■ **YOUR TASK**
The task calls for the lines below from the line with "As Lincoln attempts" to the line with "典礼第四阶段,党委副书记(主", both ends included, copied exactly, without any pictures.
Top of EXTRACTED DATA
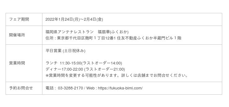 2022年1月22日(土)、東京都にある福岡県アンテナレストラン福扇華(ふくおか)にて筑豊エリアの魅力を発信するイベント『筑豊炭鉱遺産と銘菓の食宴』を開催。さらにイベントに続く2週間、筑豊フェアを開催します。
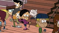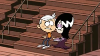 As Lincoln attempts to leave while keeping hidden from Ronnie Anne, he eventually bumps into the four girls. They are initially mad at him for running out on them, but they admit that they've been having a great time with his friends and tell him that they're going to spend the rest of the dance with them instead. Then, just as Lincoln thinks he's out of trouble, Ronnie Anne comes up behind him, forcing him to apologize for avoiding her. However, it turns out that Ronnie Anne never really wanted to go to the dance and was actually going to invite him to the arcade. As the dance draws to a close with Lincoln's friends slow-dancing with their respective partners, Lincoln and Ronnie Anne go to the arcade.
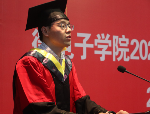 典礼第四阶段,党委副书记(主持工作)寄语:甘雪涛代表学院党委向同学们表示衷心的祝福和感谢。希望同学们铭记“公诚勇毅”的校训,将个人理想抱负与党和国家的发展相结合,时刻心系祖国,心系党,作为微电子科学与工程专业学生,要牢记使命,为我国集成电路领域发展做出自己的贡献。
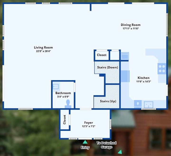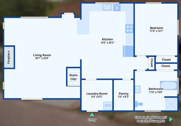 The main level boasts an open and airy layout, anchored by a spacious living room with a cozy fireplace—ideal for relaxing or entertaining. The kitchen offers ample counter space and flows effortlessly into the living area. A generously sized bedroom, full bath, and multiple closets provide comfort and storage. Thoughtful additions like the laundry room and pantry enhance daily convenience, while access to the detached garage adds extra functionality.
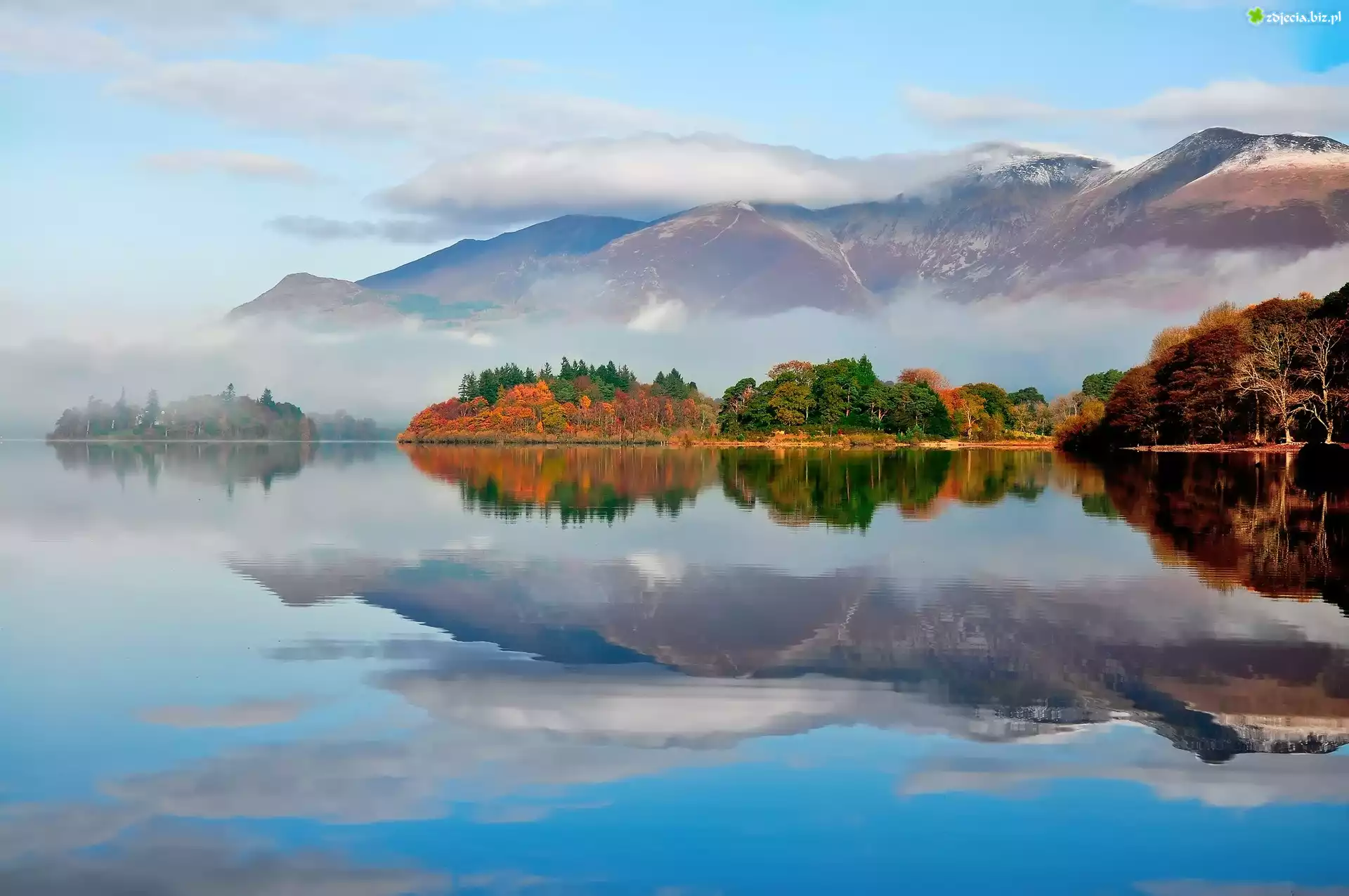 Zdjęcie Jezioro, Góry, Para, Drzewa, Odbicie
Bottom of EXTRACTED DATA
■ **WORKED SOLUTION**
 As Lincoln attempts to leave while keeping hidden from Ronnie Anne, he eventually bumps into the four girls. They are initially mad at him for running out on them, but they admit that they've been having a great time with his friends and tell him that they're going to spend the rest of the dance with them instead. Then, just as Lincoln thinks he's out of trouble, Ronnie Anne comes up behind him, forcing him to apologize for avoiding her. However, it turns out that Ronnie Anne never really wanted to go to the dance and was actually going to invite him to the arcade. As the dance draws to a close with Lincoln's friends slow-dancing with their respective partners, Lincoln and Ronnie Anne go to the arcade.
 典礼第四阶段,党委副书记(主持工作)寄语:甘雪涛代表学院党委向同学们表示衷心的祝福和感谢。希望同学们铭记“公诚勇毅”的校训,将个人理想抱负与党和国家的发展相结合,时刻心系祖国,心系党,作为微电子科学与工程专业学生,要牢记使命,为我国集成电路领域发展做出自己的贡献。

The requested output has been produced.